Detailed Description

SMART-AV is a randomized, multi-center, double-blinded, non-significant risk, three-armed trial that will investigate the effects of optimizing AV delay timing in heart failure patients receiving CRT-D therapy. Patients will be randomized in a 1:1:1 ratio using randomly permuted blocks within each center. The study will compare chronic changes in structural and functional outcomes in CRT-D patients randomized to AV delay set as fixed, set with SmartDelay or determined by echocardiography. Patients will be followed at enrollment, implant, post-implant, 3-months post-implant and 6-months post-implant.

Study Type

Interventional

Enrollment (Actual)

1060

Phase

  • Phase 4

Contacts and Locations

This section provides the contact details for those conducting the study, and information on where this study is being conducted.

Study Locations

  • United States
    • Virginia
      • Richmond, Virginia, United States, 23298-0053
        • Medical College of Virginia

Participation Criteria

Researchers look for people who fit a certain description, called eligibility criteria. Some examples of these criteria are a person's general health condition or prior treatments.

Eligibility Criteria

Ages Eligible for Study

14 years and older (Adult, Older Adult)

Accepts Healthy Volunteers

No

Genders Eligible for Study

All

Description

Inclusion Criteria:

  • Patients who meet current indications for a BSC CRT-D device with the SmartDelay algorithm
  • Patients who are willing and capable of undergoing a device implant and participating in all testing associated with the SMART-AV Study
  • Patients who are on optimal and stable pharmacologic therapy
  • Patients who are expected to be in sinus rhythm at the time of implant
  • Patients who have a life expectancy of more than 360 days, per physician's discretion
  • Patients who are geographically stable and willing to comply with the required follow-up schedule
  • Patients who are 18 years of age or above, or of legal age to give informed consent specific to state and national law

Exclusion Criteria:

  • Patients who are in complete heart block, or who otherwise are unable to tolerate pacing at VVI-40 RV for up to 14 days
  • Patients undergoing an upgrade of a pacemaker or implantable cardioverter-defibrillator who are unable to tolerate pacing at VVI-40 RV for up to 14 days
  • Patients who have previously received cardiac resynchronization therapy
  • Patients who are expected to receive a heart transplant or have other cardiac surgeries or procedures planned during the course of the study
  • Patients who currently have or who are likely to receive a tricuspid valve prosthesis
  • Patients who have a neuromuscular, orthopedic, or other non-cardiac condition that prevents normal, unsupported walking
  • Patients who are pregnant or planning to become pregnant during the study
  • Patients who are currently enrolled in another investigational study or registry that would directly impact the treatment or outcome of the current study

Study Plan

This section provides details of the study plan, including how the study is designed and what the study is measuring.

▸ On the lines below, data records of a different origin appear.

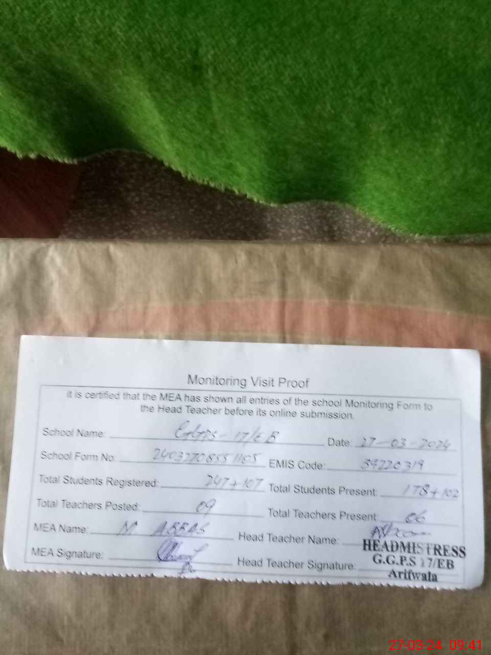 | EMIS Code: 39220319 | Name of School: GGES 17 EB | |||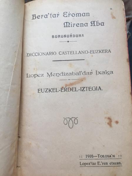 Un diccionario de Euskera de 1916, del famoso Lopez Méndizabal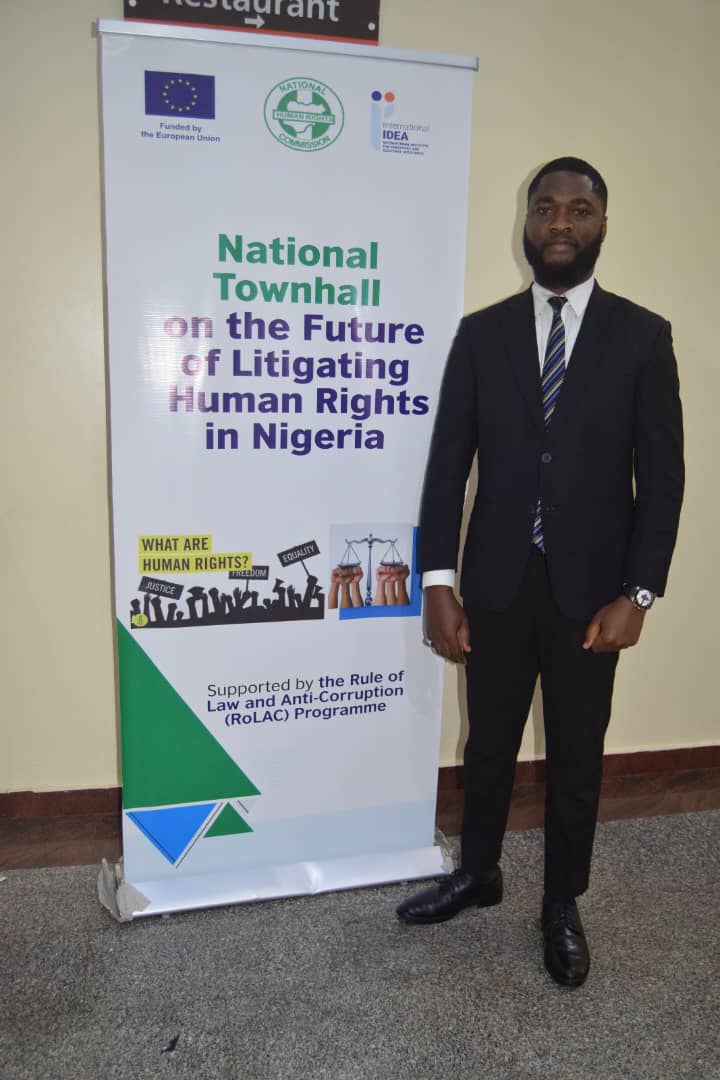 Ifeanyi at the National Townhall on the Future of Litigating Human Rights in Nigeria. The event was organized by the National Human Rights Commission and the International Institute for Democracy and Electoral Assistance, with funding provided by the European Union.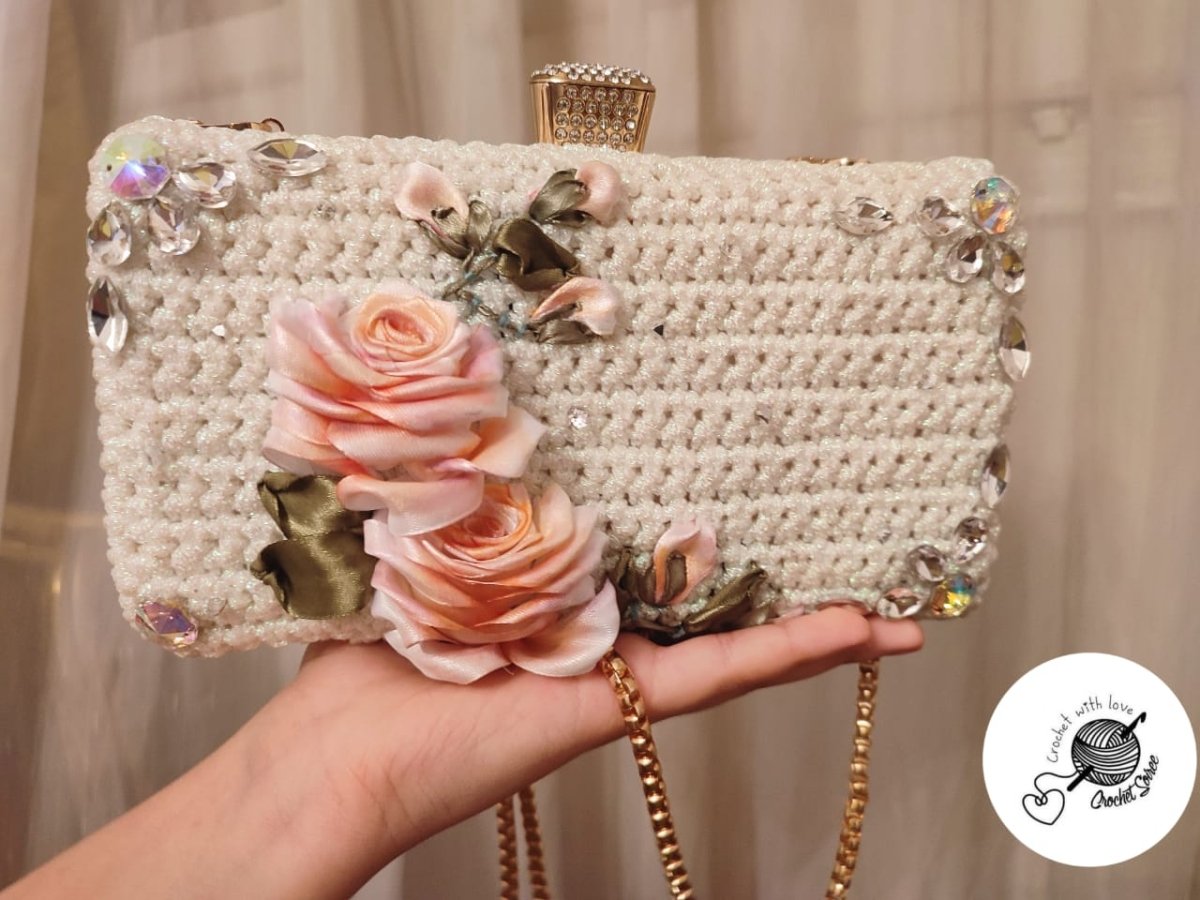 ✨ شنطة "بريق" – لمسة من الرقي تتكلم عنك ✨ مقاس: 11×22 سم شنطة سواريه هاند ميد متقنة من خيط لامع ناعم ولمّاع، مطرزة بالورود الستان والساتان وتفاصيل استراسات بتلمع بنعومة وجاذبية. الفريم الدهبي الراقي بيكمل الإطلالة ويضيف لمسة ملكية لكل مناسبة.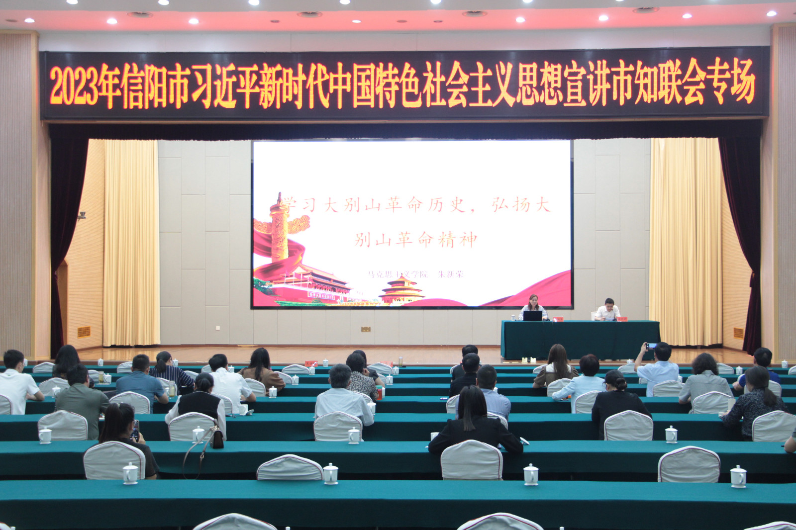 信阳学院马克思主义学院副院长、副教授朱新荣以《学习大别山历史 弘扬大别山精神》为题,从大别山革命精神的孕育形成、革命历史、革命精神、时代启示等4个方面,详细讲述了大别山区军民在党的领导下,浴血奋战、前仆后继,创造“28年红旗不倒”的革命奇迹,深刻阐释了“坚守信念、胸怀全局、团结奋进、勇当前锋”的大别山精神内涵。

How is the study designed?

Design Details

  • Primary Purpose: Treatment
  • Allocation: Randomized
  • Interventional Model: Parallel Assignment
  • Masking: Double

Arms and Interventions

Participant Group / Arm
Intervention / Treatment
Active Comparator: Echo optimized AV delay
Device: AV Delay programming through cardiac resynchronization therapy
All subjects in this trial receive the same device. For the purpose of this trial. "intervention" is programming of the atrio-ventricular (AV) delay in the two treatment arms, while the control arm will receive AV delay programming from a Fixed nominal setting. Echo optimized and Algorithm optimized are the treatment arms programmed to receive optimized AV delay settings and will be compared to the Fixed nominal arm.
Active Comparator: Algorithm optimized AV delay
Device: AV Delay programming through cardiac resynchronization therapy
All subjects in this trial receive the same device. For the purpose of this trial. "intervention" is programming of the atrio-ventricular (AV) delay in the two treatment arms, while the control arm will receive AV delay programming from a Fixed nominal setting. Echo optimized and Algorithm optimized are the treatment arms programmed to receive optimized AV delay settings and will be compared to the Fixed nominal arm.
Active Comparator: Fixed AV Delay
Device: AV Delay programming through cardiac resynchronization therapy
All subjects in this trial receive the same device. For the purpose of this trial. "intervention" is programming of the atrio-ventricular (AV) delay in the two treatment arms, while the control arm will receive AV delay programming from a Fixed nominal setting. Echo optimized and Algorithm optimized are the treatment arms programmed to receive optimized AV delay settings and will be compared to the Fixed nominal arm.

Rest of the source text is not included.